■ EXERCISE ■
Beginning at the line containing "Насос використовують для", repeat each line below exactly up to and including the line containing "Cossonay funicular is". Do not repeat the pictures.

Data entries
┄┄┄┄┄┄

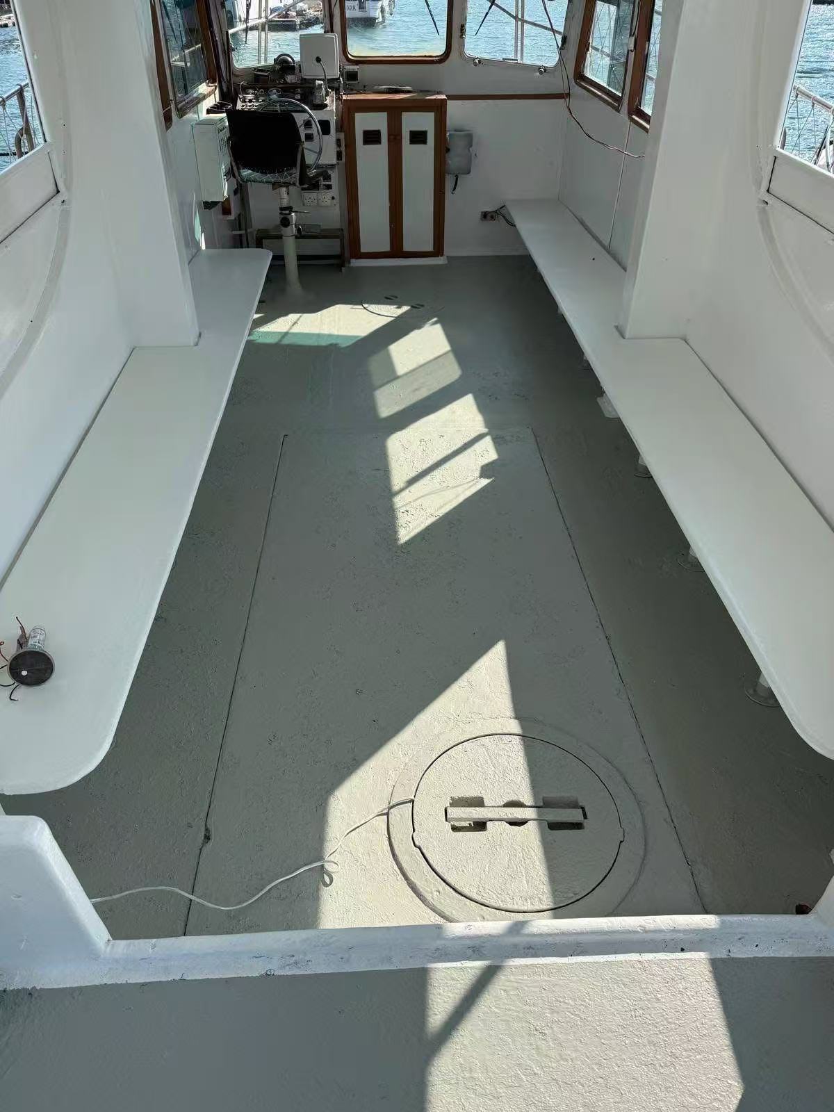 Cummins 190HP: Cummins engines are known for their durability and high torque. While 190 horsepower won’t propel a 42-foot boat very fast (estimated cruising speed around 8-10 knots), its low-endurance, high-torque configuration is ideal for long-duration, slow-speed trolling or spot fishing.
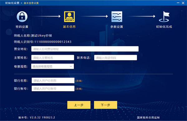 纳税人名称:系统自动获取税务UKey中记录的本企业名称,且不可更改。
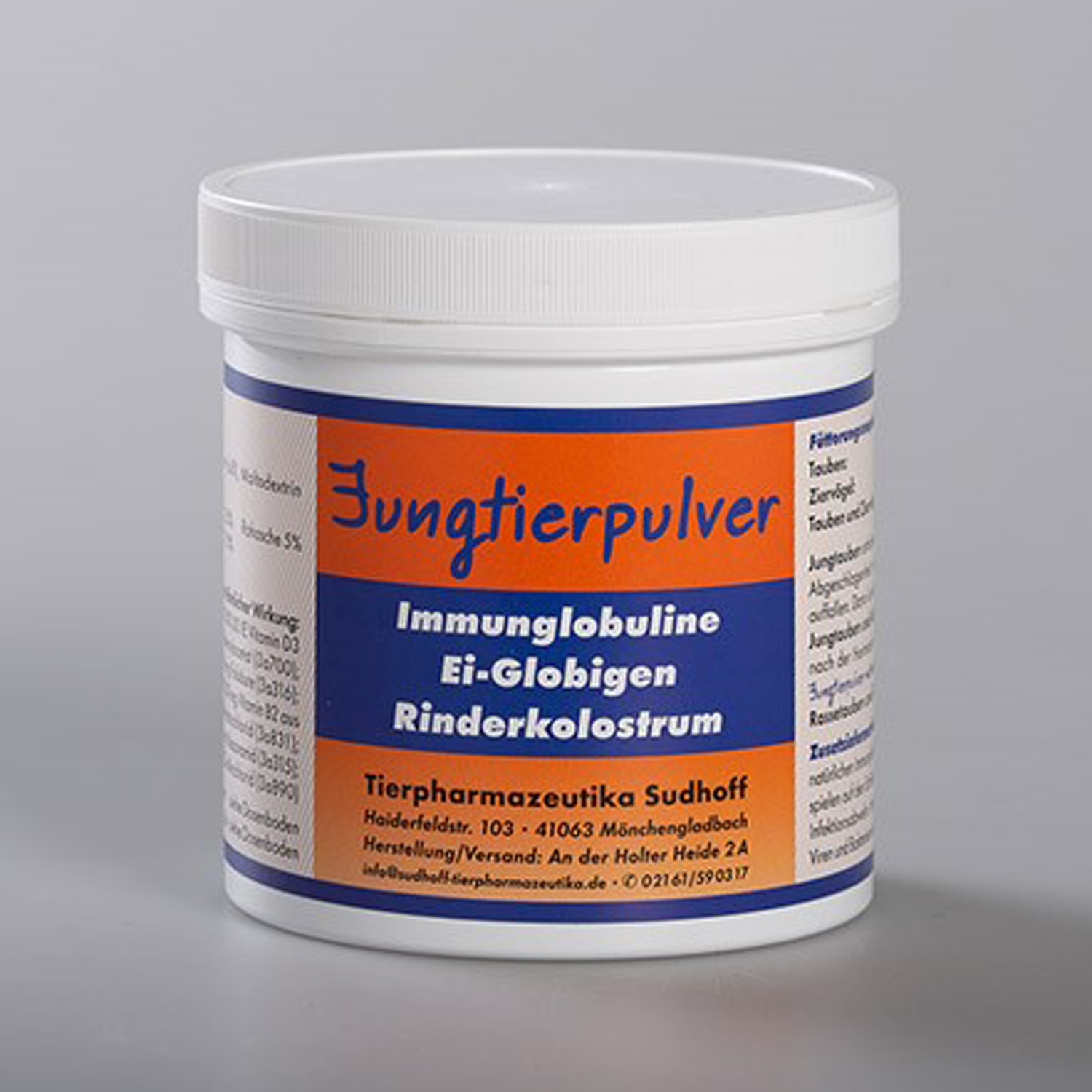 Kein anderes Produkt mit vergleichbarer Wirkung besteht so lange im Brieftaubensektor. Jungtierpulver enthält hochwertige Eiweiße, Albumin und Globulin, und insbesondere viele Immunglobuline. Die Immunglobuline stammen einerseits aus dem Kolostrum speziell vorbehandelter Kühe, andererseits stammen sie aus dem Eigelb speziell vorbehandelter Hühnereier.
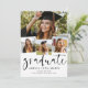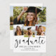 Une invitation moderne de graduation avec le mot "diplômé" sur le devant dans la calligraphie stylisée, plus 4 de vos photos senior préférées. Ajoutez vos propres détails de célébration à l'arrière avec une photo supplémentaire. Il s'agit de la version minimaliste simple en noir et blanc.
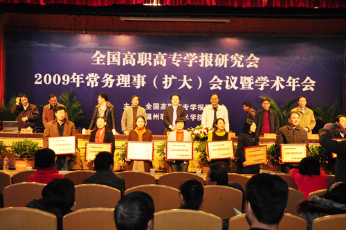 2009年12月18—21日,全国高职高专学报研究会2009年常务理事(扩大)会议在我院学术报告厅举行。作为全国高职高专学报研究会的一次盛会,来自全国高职高专院校的学报代表相聚在一起,交流办刊经验,研讨当前高职高专学报存在的主要问题与改革方向,共商高职高专学报发展大计。会议由全国高职高专学报研究会主办,温州职业技术学院承办。国家新闻出版总署办公厅综合信息处处长杜大力、中国高校自然科学学报研究会名誉理事长及出版界资深专家陈浩元、中国高校自然科学学报研究会理事长颜帅、中国高校自然科学学报研究会秘书长郑进宝、温州市文化广电新闻出版局副局长赵松涛、温州市社会科学联合会常务副主席洪振宁和来自全国高职高专110多所院校的140多位学报代表出席了本次盛会。可喜可贺的是,本次大会推举了温州职业技术学院等10家单位为副理事长单位。
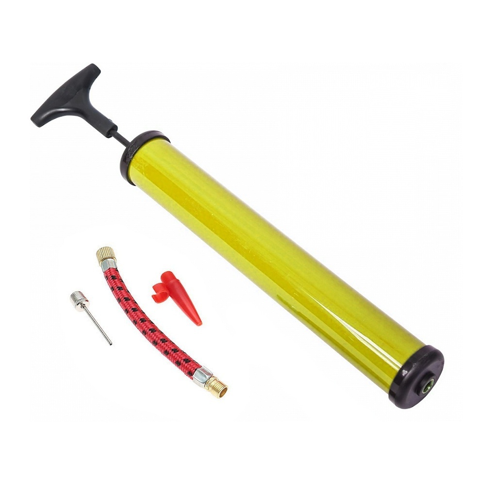 Насос використовують для накачування м’ячів та велосипедних камер. Насос накачує повітря за допомогою поршня. Під час ходу нагору поршень всмоктує атмосферне повітря через односторонній клапан. Під час низхідного ходу поршень витісняє повітря з насоса у виріб, що накачується. У комплекті з насосом поставляється: шлангочка, голка для накачування велосипедних камер та м’ячів, насадка для накачування надувних виробів.
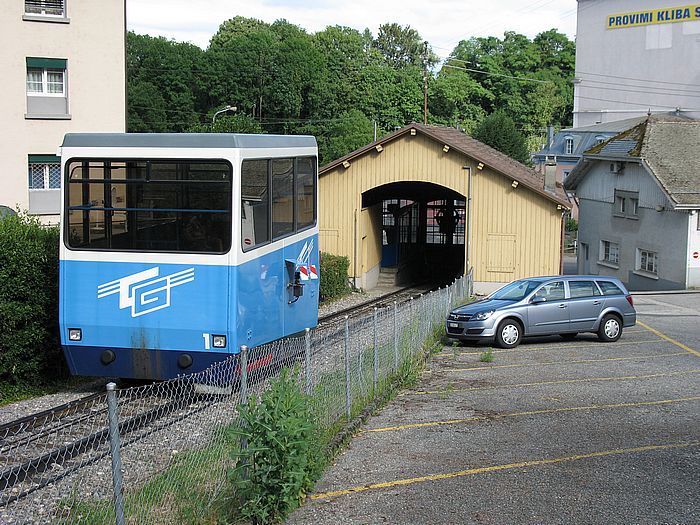 Cossonay funicular is arriving at the lower station. 23.6.2007 Martin P. |
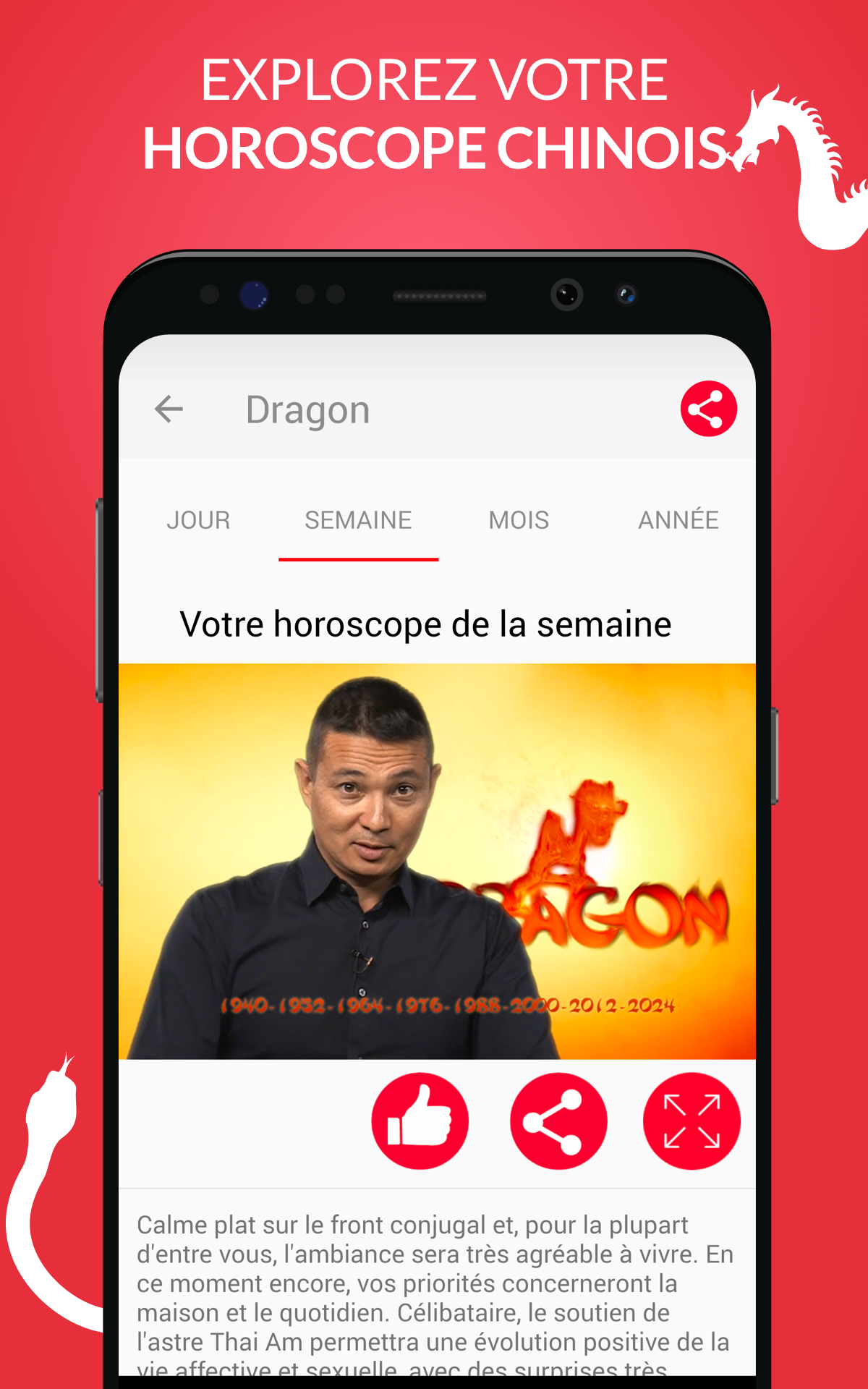 Femme ou homme, découvrez votre horoscope selon la période de temps que vous voulez: jour, semaine, mois, année, pour chaque signe du zodiaque et chaque signe chinois, sur les thèmes qui vous sont chers: amour, famille, argent, travail et vie sociale.

┄┄┄┄┄┄

■ YOUR RESPONSE ■
 Насос використовують для накачування м’ячів та велосипедних камер. Насос накачує повітря за допомогою поршня. Під час ходу нагору поршень всмоктує атмосферне повітря через односторонній клапан. Під час низхідного ходу поршень витісняє повітря з насоса у виріб, що накачується. У комплекті з насосом поставляється: шлангочка, голка для накачування велосипедних камер та м’ячів, насадка для накачування надувних виробів.
 Cossonay funicular is arriving at the lower station. 23.6.2007 Martin P. |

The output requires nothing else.